Todos escuchaban atentamente.
Susan prosguió:
‑‑Aceptó, pues, el
punto, pero no sin un cierto chirrido. Incluso con la muerte temporal y
disminuida su importancia, tuvo suficiente para desequilibrarlo
considerablemente. Adoptó un actitud humorística ‑prosiguió con más calma‑;
es una especie de evasión, comprenden, un método de evadirse parcialmente de la
realidad. Empezó a bromear.
Powell y Donovan se habían puesto
en pie.
‑‑¿Cómo?
Donovan estaba mucho más acalorado
‑‑Así ‑dijo
Susan‑. Se ocupó de ustedes y los mantuvo a salvo, pero no podían manejar
los controles porque sólo los podía manejar él, el humorista Cerebro. Podíamos
comunicar por radio, pero no podían ustedes contestar. Tenían mucha comida,
pero sólo habichuelas y leche. Entonces murieron, por decirlo así, pero
volvieron a vivir, y el período de su vida fue..., interesante. Me gustaría
saber cómo lo hizo. Eran las bromitas del Cerebro, pero no quería hacer daño.
‑‑!No quería hacer
daño¡ ‑gritó Donovan‑. !Ah, si el monigote ése tuviese tan sólo un
cuello...!
‑‑Bien, bien, ha sido
un lío ‑dijo Lanning levantando una mano apaciguadora‑, pero todo
ha terminado. ¿Y ahora, qué?
‑‑Pues ‑dijo
Bogert tranquilamente‑, es obvio que nos corresponde mejorar la nave del
espacio curvo. Debe haber alguna manera de solucionar el intervalo de salto. Si
lo hay, somos la única organización que dispone del super‑robot en gran
escala, de manera que si lo hay tenemos que encontrarlo Y entonces... U.S.

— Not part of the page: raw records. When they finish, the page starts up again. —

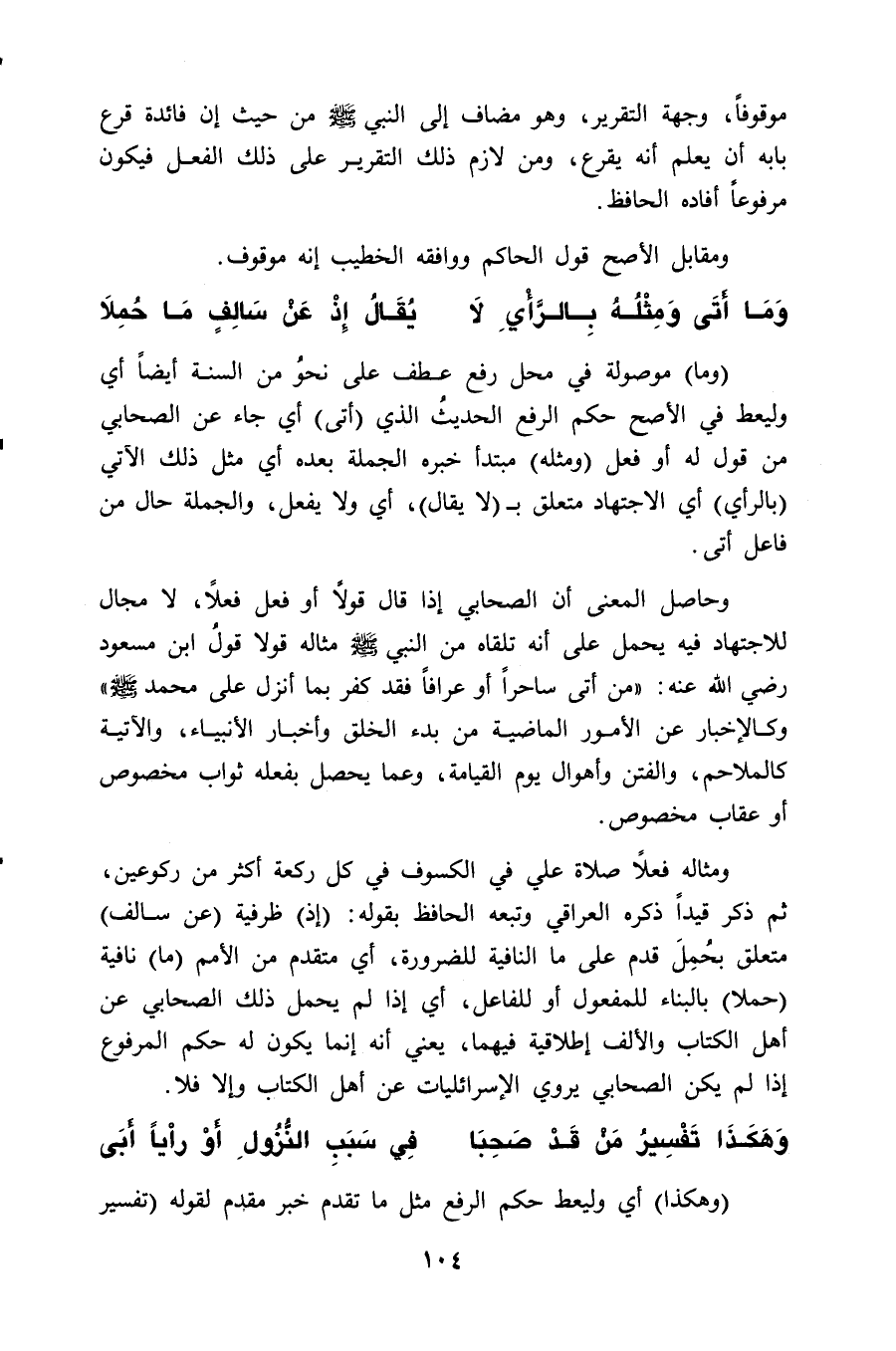 (وما) موصولة في محل رفع عطف على نحوُ من السنة أيضاً أي وليعط في الأصح حكم الرفع الحديثُ الذي (أتى) أي جاء عن الصحابي من قول له أو فعل (ومثله) مبتدأ خبره الجملة بعده أي مثل ذلك الآتي (بالرأي) أي الاجتهاد متعلق بـ (لا يقال)، أي ولا يفعل، والجملة حال من فاعل أتى.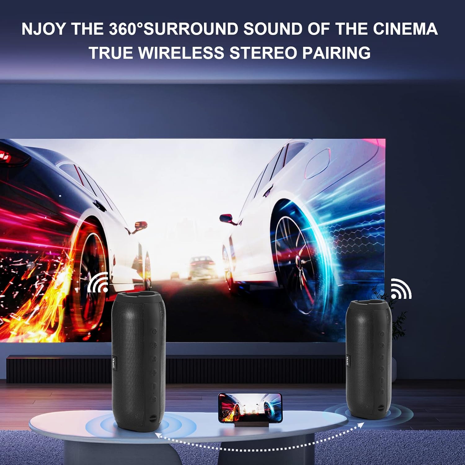 - đăKabelloses Stereo Pairing & Hi-Fi Soundă- Der Bluetooth-Lautsprecher ist mit einem 20W Stereo-Audio Treiber Lautsprecher und einem fortschrittlichen Digitalen Signalprozessor ausgestattet der bei jeder LautstĂ€rke klare Höhen und detaillierte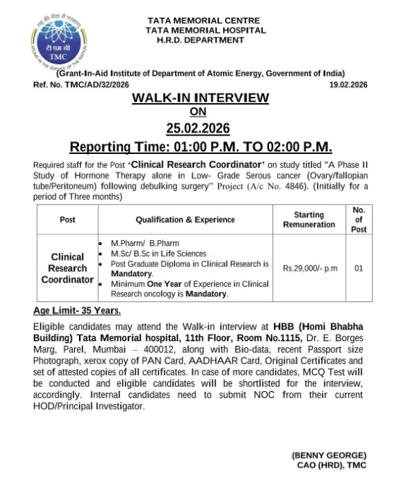 TMC Hiring Clinical Research Coordinator Job in Mumbai for oncology trial with ₹29,000 salary walk-in interview on February 25.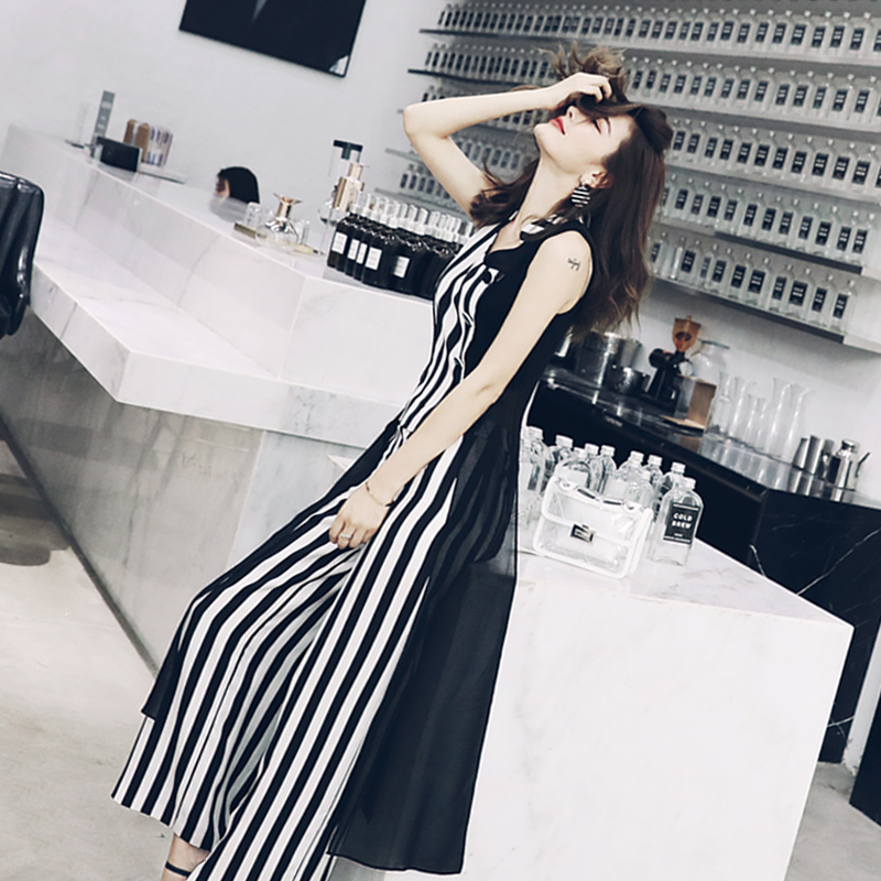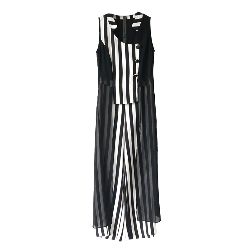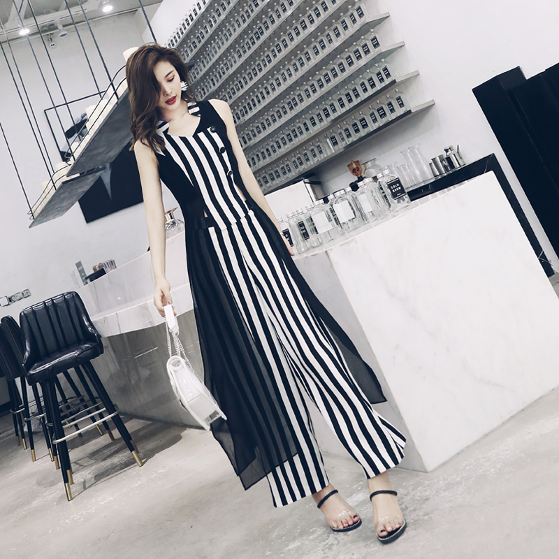 S秀名媛無袖不規則上衣條紋高腰闊腿褲網紅兩件套裝女夏2018新款

Robots tiene el viaje interestelar, y la Humanidad tiene la oportunidad del
imperio galáctico.
‑‑¿Y la Consolidated¿ ‑preguntó
Lanning.
‑‑!Eh¡ ‑interrumpió
súbitamente Donovan‑. Quiero hacer una sugerencia, aquí. Han metido la
U.S. Robot en un brete, como ellos esperaban, y todo ha acabado bien, pero sus
intenciones no eran piadosas. Y Greg y yo soportamos la mayor parte de él.
‑‑Bien, querían una
respuesta y ya la tienen. Mandémosles esta nave, garantizada, y la U.S. Robots
puede cobrar los doscientos mil, más los gastos de construcción. Y si la
prueban... dejemos que el Cerebro se divierta un poco más antes de volverla a
la normalidad.
‑‑Me parece sumamente
indicado ‑dijo Lanning, muy grave.
A lo cual
Bogert añadió, distraídamente:
‑‑Y estrictamente de acuerdo con el contrato, además.